The listing below must be repeated word for word, with its images excluded.

• [Information supplied]
────
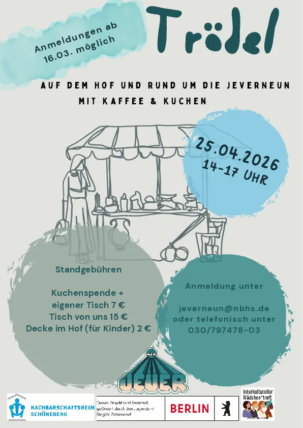 Dort findet ihr gut erhaltenes Kinderspielzeug, Kleidung, Hausrat und vieles mehr. Wer Lust auf Kaffee und Kuchen hat, wird ebenfalls fündig. Los geht es am Samstag, den 25.4. 2026, von 14.00 bis 17.00 Uhr in der Jeverstraße 9, 12159 Berlin. Wir freuen uns auf euch!
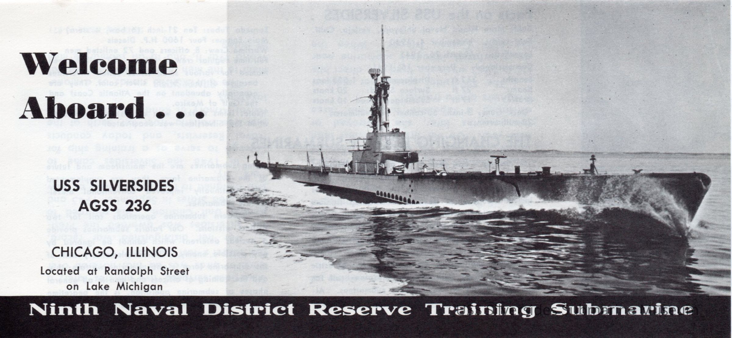 USS Silversides AGSS-236 Naval Reserve Training Submarine pamphlet. Pamphlet has a picture of the USS Silversides on the front with the text "Welcome Aboard...USS Silversides AGSS 236" to the left of it. On the inside, the pamphlet talks about the history of the USS Silversides. The back of the pamphlet discusses the "Corn Belt Fleet."Acquisition
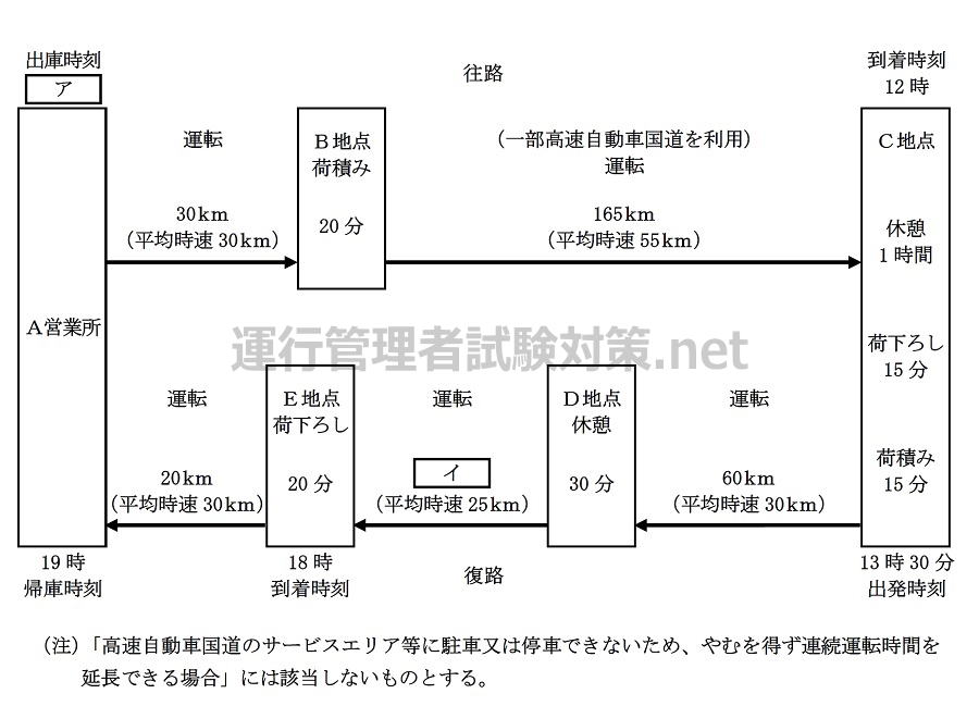 〇 B地点から165キロメートル離れたC地点までの間、一部高速自動車国道を利用し、平均時速55キロメートルで走行して、C地点に12時に到着する。1時間の休憩後、15分間の荷下ろしを行う。
────
• [Answer to the problem]
 Dort findet ihr gut erhaltenes Kinderspielzeug, Kleidung, Hausrat und vieles mehr. Wer Lust auf Kaffee und Kuchen hat, wird ebenfalls fündig. Los geht es am Samstag, den 25.4. 2026, von 14.00 bis 17.00 Uhr in der Jeverstraße 9, 12159 Berlin. Wir freuen uns auf euch!
 USS Silversides AGSS-236 Naval Reserve Training Submarine pamphlet. Pamphlet has a picture of the USS Silversides on the front with the text "Welcome Aboard...USS Silversides AGSS 236" to the left of it. On the inside, the pamphlet talks about the history of the USS Silversides. The back of the pamphlet discusses the "Corn Belt Fleet."Acquisition
 〇 B地点から165キロメートル離れたC地点までの間、一部高速自動車国道を利用し、平均時速55キロメートルで走行して、C地点に12時に到着する。1時間の休憩後、15分間の荷下ろしを行う。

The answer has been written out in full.